Some of us were raised not to talk about politics in a group, it wasn’t polite. These times may call for a different approach. There’s a lot going on and we are going to talk about politics. Let’s just do so politely. That is, with courtesy and respect for everyone.

We don’t have to hide our opinions from the world just to get along. In fact, in a democracy it’s crucial that we work for what we feel is right. We are the government. We must be involved to fight for what is right. That does not, however, mean denigrating our neighbors who hold different opinions.

If we find ourselves belittling the character of someone with whom we disagree, calling them names, or being mean in other ways, we need to pause. Talking politics doesn’t have to involve meanness or cruelty or assuming the other person is a monster or stupid. It is so easy for us to equate people with their opinions: If we don’t like their opinions, we don’t like the people. But two good people can have honest differences of opinion and making one of them bad only leads to increased separation.

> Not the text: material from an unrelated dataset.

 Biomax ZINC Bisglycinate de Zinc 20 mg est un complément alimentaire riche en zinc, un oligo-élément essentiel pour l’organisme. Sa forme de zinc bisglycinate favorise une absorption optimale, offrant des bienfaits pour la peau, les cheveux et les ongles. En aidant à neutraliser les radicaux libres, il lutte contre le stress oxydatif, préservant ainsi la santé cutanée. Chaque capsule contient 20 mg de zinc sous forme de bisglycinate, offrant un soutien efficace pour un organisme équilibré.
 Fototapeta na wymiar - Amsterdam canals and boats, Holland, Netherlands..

Keep in mind that making personal attacks can say more about us than about the person we’re badmouthing. When we go for the person rather than the idea, it might be taken as a sign that we’re afraid of the ideas the other person is talking about. Or even that we don’t know how to argue against the ideas we feel are wrong.

We must respect ourselves, too. Silence is often taken as agreement, so we may need to speak up to make it clear that we do not agree with what is being said. We can do that by stating our own position and even arguing about it. That’s fine. The Founding Fathers called this “discourse”.

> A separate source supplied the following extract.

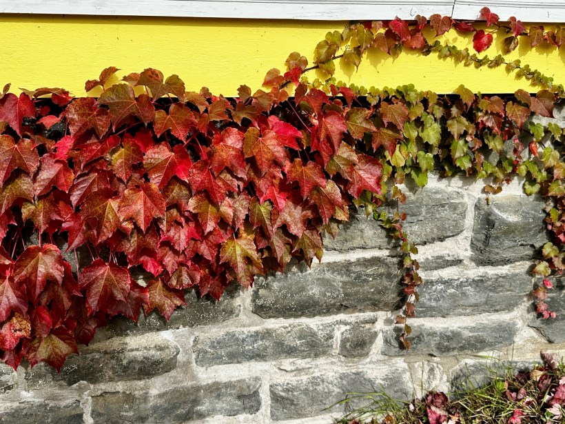Nearby, I noticed a vine-covered wall where vibrant red leaves cascaded down toward the stone base. The color was striking—a reminder that, even as autumn wanes, nature’s palette reaches its most intense. The bright red vines against the textured gray stone created an almost painterly effect, as if nature itself had brushed the wall with strokes of crimson.

However, we may not want to get into it right then. In that case, we can say something as simple as, “I do not agree with your position. I don’t want to go into it, but I need to make it clear that I do not agree.” Then, we can change the subject or leave the conversation. (What will not foster getting along is to drop a big bomb of insults and then say we don’t want to talk about it!)

All of this doesn’t mean we must accept views we strongly disagree with or even find abhorrent. And, yes, there are a few people who do not have the common good in mind. Yet we have a much better chance of making positive change if we bring others along. Community doesn’t work if we decide the opinions of others are not worth considering. We need to remember that we’re all in this together.

Wherever two or more are gathered, there are politics! We don’t have to be quiet around politics. Go ahead and talk about politics; just be polite about it.